Leaving the pictures aside, reproduce the data in full and word for word.

** Collected data follows **

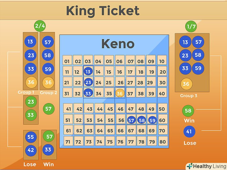 Зіграйте" Королівський " квиток. якщо гуртком обведений один номер, це "король". Його також можна включити в комбінації. Давайте повернемося до першого прикладу (2/3 і 1/6) - додамо до комбінацій короля і отримаємо 2/4 і 2/7. До кожної групи з трьох приєднаний король і доданий до суми, він дорівнює семи номерам.
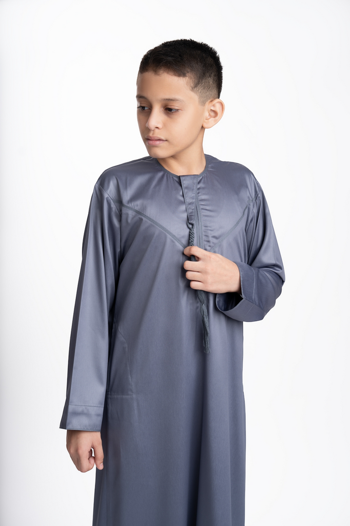 A simple butelegant thobe which is a staple of any child’s wardrobe, a must-have for any occasion.
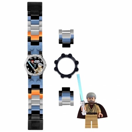 Item DescriptionFeatures include : 50m Water Resistant, Japanese Quartz Movement, Scratch resistant mineral crystal lens, and nickel- PVC Free. Intended for ages 6 and up. Included in Box : 22 tough-wearing Lego links in assorted colors, 2 Lego stud links, 2 interchangeable bezels, and a Star Wars Obi Wan Mini figure with Lightsaber. |

** End of Collected data **

● **Response**
 Зіграйте" Королівський " квиток. якщо гуртком обведений один номер, це "король". Його також можна включити в комбінації. Давайте повернемося до першого прикладу (2/3 і 1/6) - додамо до комбінацій короля і отримаємо 2/4 і 2/7. До кожної групи з трьох приєднаний король і доданий до суми, він дорівнює семи номерам.
 A simple butelegant thobe which is a staple of any child’s wardrobe, a must-have for any occasion.
 Item DescriptionFeatures include : 50m Water Resistant, Japanese Quartz Movement, Scratch resistant mineral crystal lens, and nickel- PVC Free. Intended for ages 6 and up. Included in Box : 22 tough-wearing Lego links in assorted colors, 2 Lego stud links, 2 interchangeable bezels, and a Star Wars Obi Wan Mini figure with Lightsaber. |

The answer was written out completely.